Он не осознавал, что его тетка Майя умерла из-за него, из-за этой истории, а к тому, что у него где-то росла маленькая дочь, относился с равнодушием. Он был еще слишком юн для отцовских чувств.

Анна появилась в его жизни неожиданно, и он, конечно, не узнал ее. Она приехала в Москву в 92-м году, разыскала его через паспортный стол и потребовала деньги. Много денег. Так начался этот унизительный и мучительный шантаж, которому, казалось, не было конца.

Ромих переправлял деньги и продукты, с которыми в С. всегда было трудно, через знакомую проводницу, чтобы ни одна душа (он никогда не доверял почте) не узнала об этом. И так бы все и шло дальше – эти сплошные посылки, нервотрепка и страх перед разоблачением, – если бы Анна не позвонила ему в Москву прямо накануне его свадьбы с Бертой. Анна потребовала, чтобы он приехал в С. и помог ей купить квартиру в центре города. И он поехал…

* * *

– Ты опять не спишь, Илья? – Берта приподнялась на локте и посмотрела на лежащего с открытыми глазами Илью. – Может, расскажешь, что с тобой? Это как-то связано с Храмовым или Журавлевым?

– Нет, это связано только со мной, но я пока не готов к разговору…

Он даже не повернул головы, чтобы не встретиться с ней взглядом. Что же произошло, что случилось, почему ему вдруг потребовалось признаться ей во всем? Откуда это дикое и совершенно нелепое желание? Ведь никому от этого не станет легче. Абсолютно. Тем более что уже ничего не исправишь.

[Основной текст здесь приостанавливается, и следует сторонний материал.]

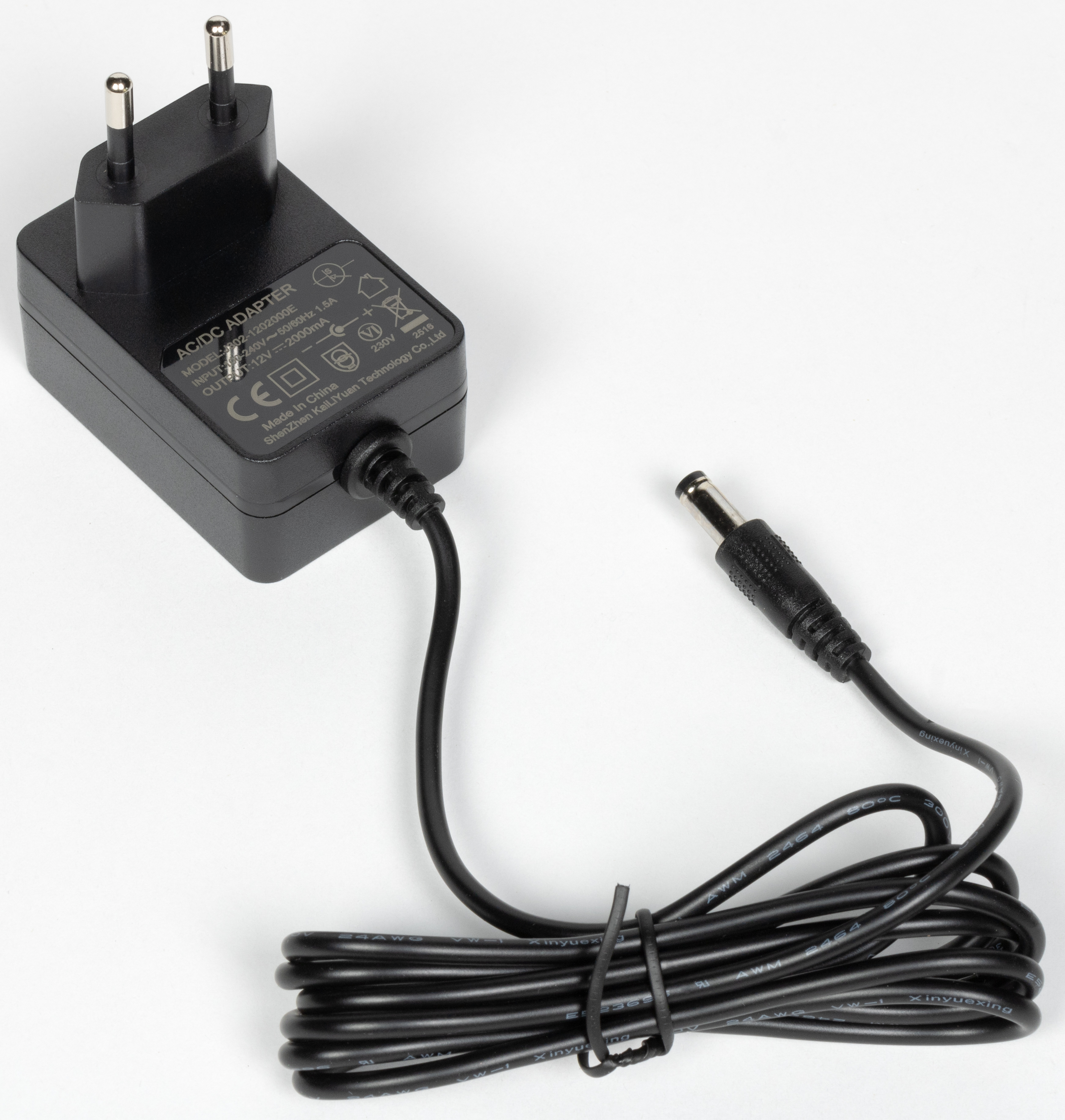 Блок питания выдает 12 В / 2 А. Длина несъемного кабеля — 1,5 метра. Все выполнено на приемлемом уровне качества, коннектор — круглый.

Но если бы он этого не сделал, то Берта не вышла бы за него замуж. Больше того: у него вообще не было бы личной жизни. Да и дело свое он бы потерял…

– Тогда давай спать. Утро вечера мудренее… Думаешь, мне легко? Хоть мы и отдали целую кучу денег, но покой на них все равно не купишь… – Она вздохнула и, уткнувшись Илье в плечо, тихонько заскулила.

* * *

«Первое, что я почувствовала, проснувшись или очнувшись, был запах. Нет, пожалуй, не запах, а аромат, и я узнала его. Это был „JEAN PATOU“, нежные духи, так обожаемые ею… Быть может, поэтому я и не удивилась, когда, открыв глаза, увидела перед собой ЕЕ лицо.

Кто бы мог подумать, что она могла так измениться, так удивительно преобразиться… До неузнаваемости, до скрежета моих зубов, до хруста моих костей, до яда, моего собственного яда, которым я чуть не захлебнулась, когда увидела ее.

– Наконец-то очнулась…

Мне показалось, что она стала выше и тоньше, но вполне вероятно, что это был просто обман зрения: ведь я лежала…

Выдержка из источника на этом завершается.